Records contained in a dataset
------

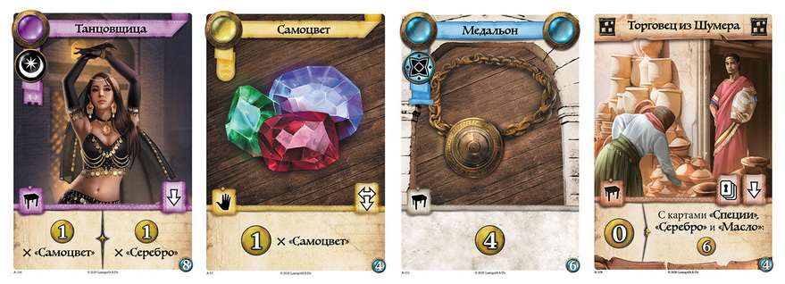По факту це вся гра, але, як відомо, диявол криється в дрібницях і це якнайкраще описує гру. Більшість карт приносять переможні очки або самостійно, або в комбінації з іншими. Однак деякі карти дозволяють обзавестися унікальними предметами з ринку або палацу, що нехай відразу і не принесе багато очок, але в майбутньому дозволять отримати колосальну перевагу. Також є карти націй, що дають різні бонуси як по ходу, так і в кінці гри.
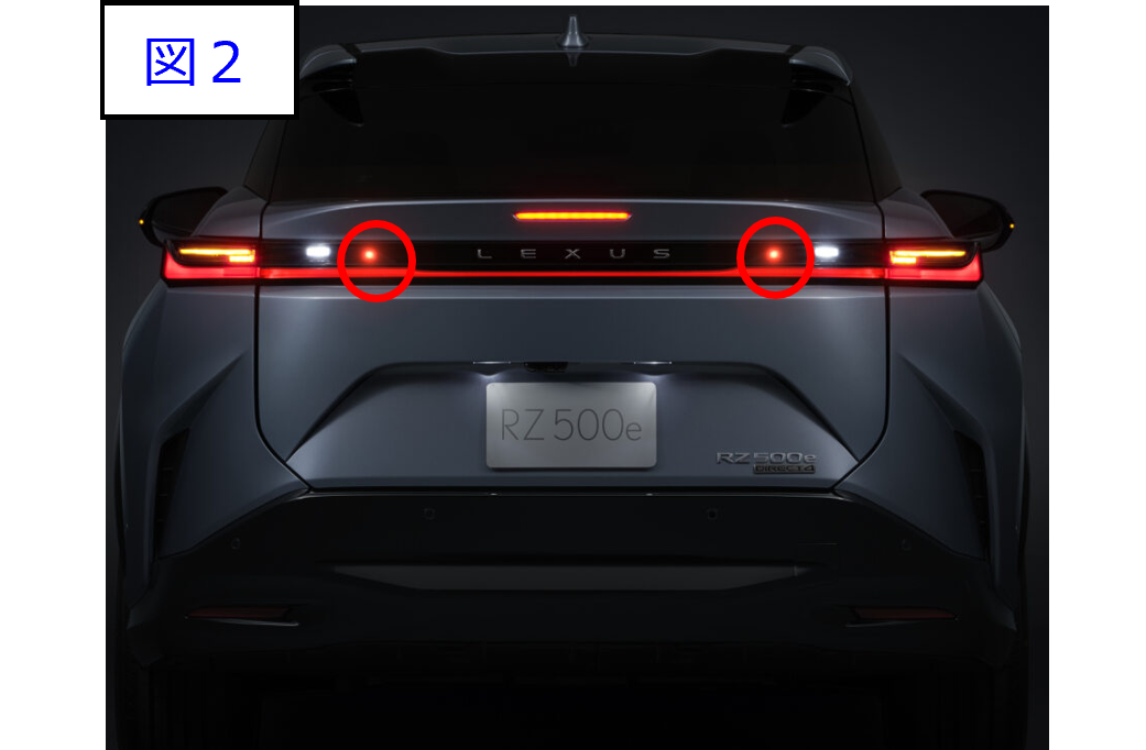 | リヤフォグランプ | 霧・雪・雨などにより視界が悪い時に車の存在を後続車に知らせるための赤色灯です。 リヤフォグランプは、バックアップランプ内側(左右両側)に装着されます。(下図2参照) |
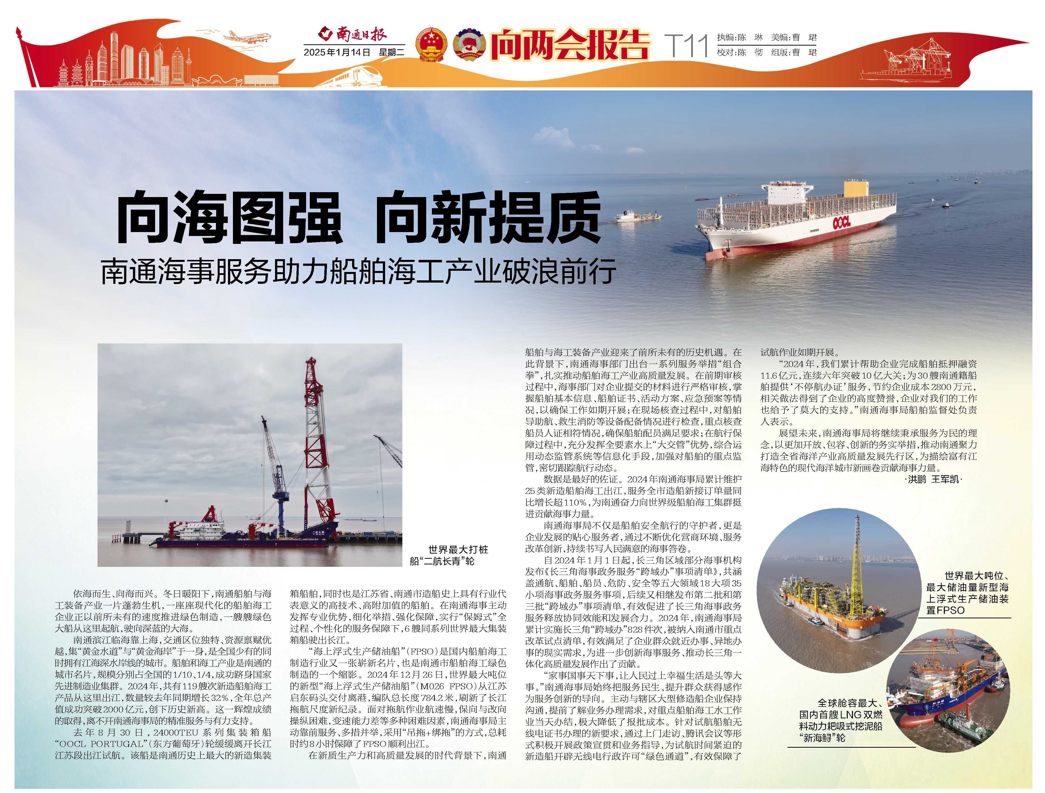 数据是最好的佐证。2024年南通海事局累计维护25类新造船舶海工出江,服务全市造船新接订单量同比增长超110%,为南通奋力向世界级船舶海工集群挺进贡献海事力量。
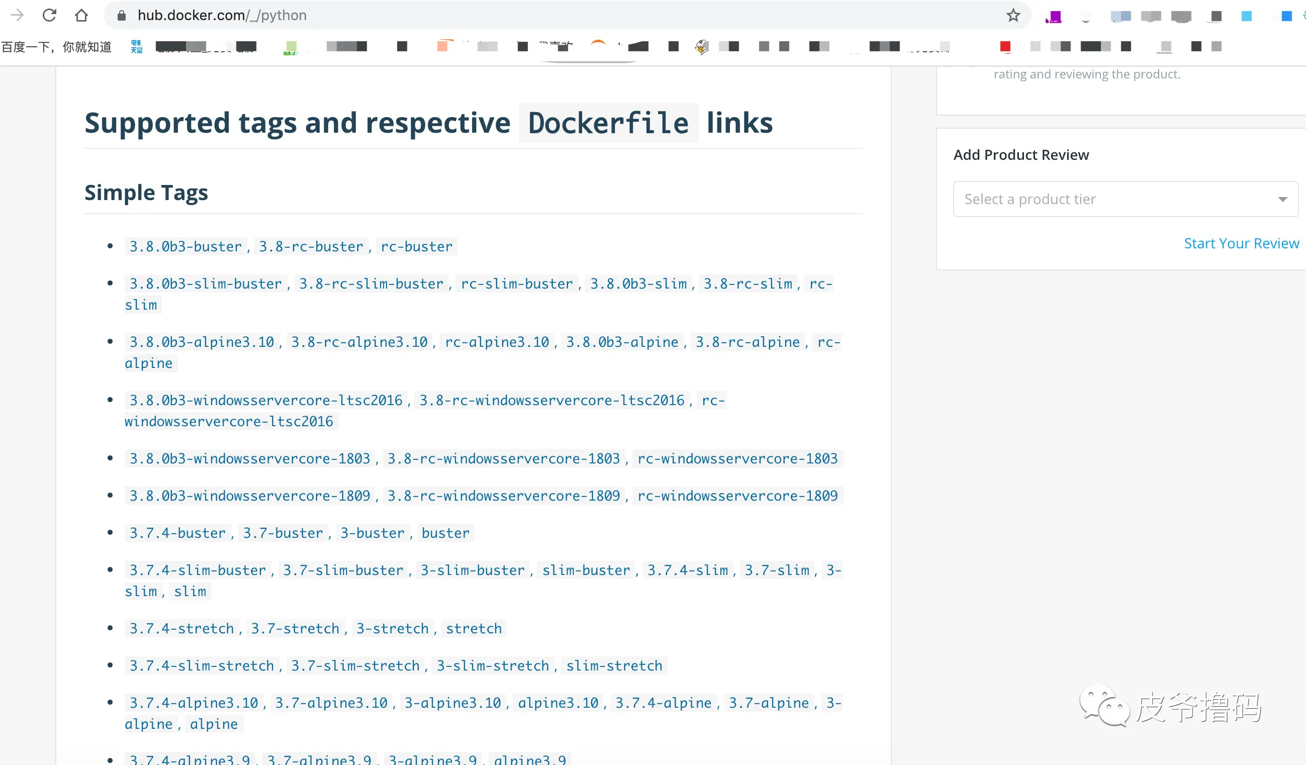 可以看到,这里全是 Python 的 Tags。所以,如果我们将来不论是写 Dockerfile 还是写 docker-compose.yml 文件,FROM 字段和 IMAGE 字段之后的内容,都可以来 hub.docker.com 这里来找。
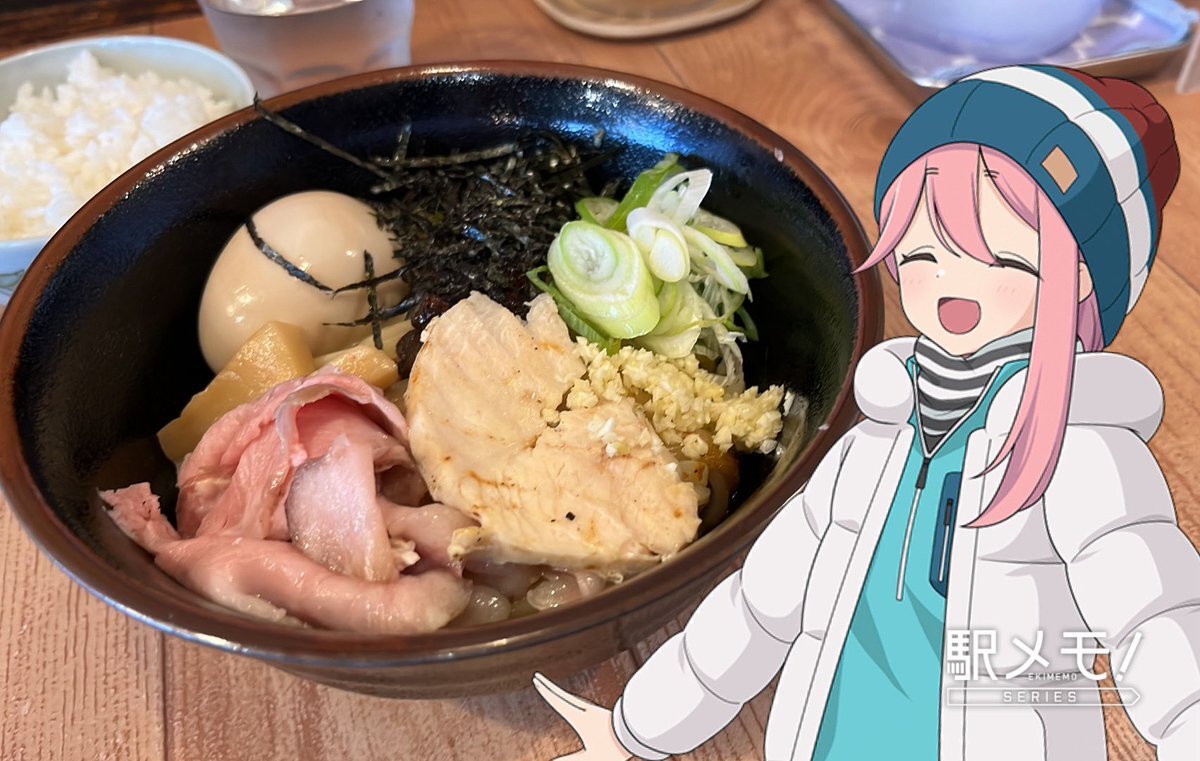 函南の麺屋しずくだよ〜 大人気の特製CurryまぜSOBAを注文だねぃ! スパイシーな香りと太麺の組み合わせはうま〜♪ 味玉やレアチャーシューも食べ応えがあって嬉しいねぃ! 〆の追いライス🍚まで楽しめる至高の逸品だよ〜 #麺屋しずく #函南 #ゆるキャンΔ #駅メモ pic.x.com/UbRryJw37R
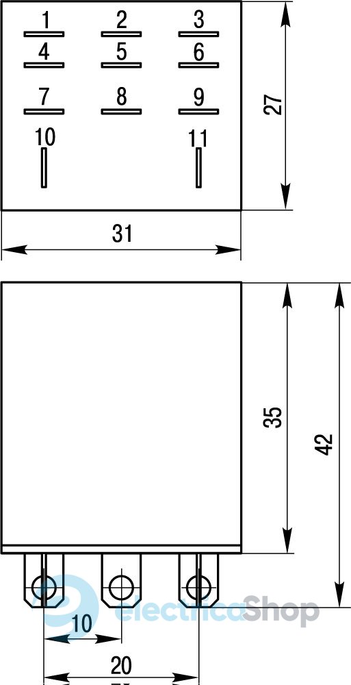 Реле проміжне e.control.p1031 10А, 3 групи контактів, котушка 12В DC призначені для розмноження та передачі сигналів управління виконавчим елементам у ланцюгах управління та автоматизації.
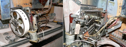 を調べるとありました。固着したメカが。下の写真で白いドラムはクレジットのUP/DOWN
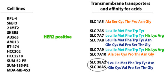 Cell lines, transmembrane transporters, and amino acids related to the HER2 positive subtype of breast cancer. The circled group represents a group of transmembrane amino acid transporters with a common affinity for amino acids. Anionic amino acids: Glu, Asp; small neutral amino acids: Ala, Ser, Cys, Thr; all neutral amino acids: Leu, Ile, Val, Asn, Gln, Gly, Cys, Met, Phe, Pro, Ser, Thr, Trp, Tyr; cationic amino acids: His, Lys, Arg; large neutral amino acids: Leu, Ile, Met, Phe, Trp, Tyr.
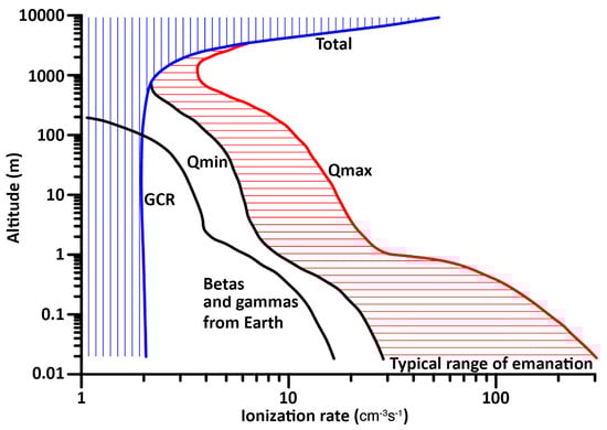 Vertical profiles of air ionization from the ground surface up to 10 km altitude. Blue hatching—galactic cosmic rays; red hatching—ground radioactivity (modified from [30]).
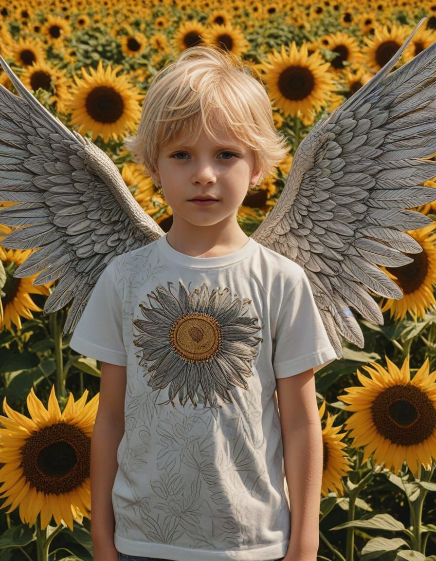 A linocut print of a blond child angel in a sunflower field, radiating innocence. The image features wide, shimmering wings, vibrant petals, and warm sunlight, created in a naive folk art style.

------

_TASK BRIEF_
Copy out, with no pictures, the lines from the one containing "Cell lines, transmembrane" through the last line of the data above, both ends included and each word unchanged.

_RESPONSE TO THE EXERCISE_
 Cell lines, transmembrane transporters, and amino acids related to the HER2 positive subtype of breast cancer. The circled group represents a group of transmembrane amino acid transporters with a common affinity for amino acids. Anionic amino acids: Glu, Asp; small neutral amino acids: Ala, Ser, Cys, Thr; all neutral amino acids: Leu, Ile, Val, Asn, Gln, Gly, Cys, Met, Phe, Pro, Ser, Thr, Trp, Tyr; cationic amino acids: His, Lys, Arg; large neutral amino acids: Leu, Ile, Met, Phe, Trp, Tyr.
 Vertical profiles of air ionization from the ground surface up to 10 km altitude. Blue hatching—galactic cosmic rays; red hatching—ground radioactivity (modified from [30]).
 A linocut print of a blond child angel in a sunflower field, radiating innocence. The image features wide, shimmering wings, vibrant petals, and warm sunlight, created in a naive folk art style.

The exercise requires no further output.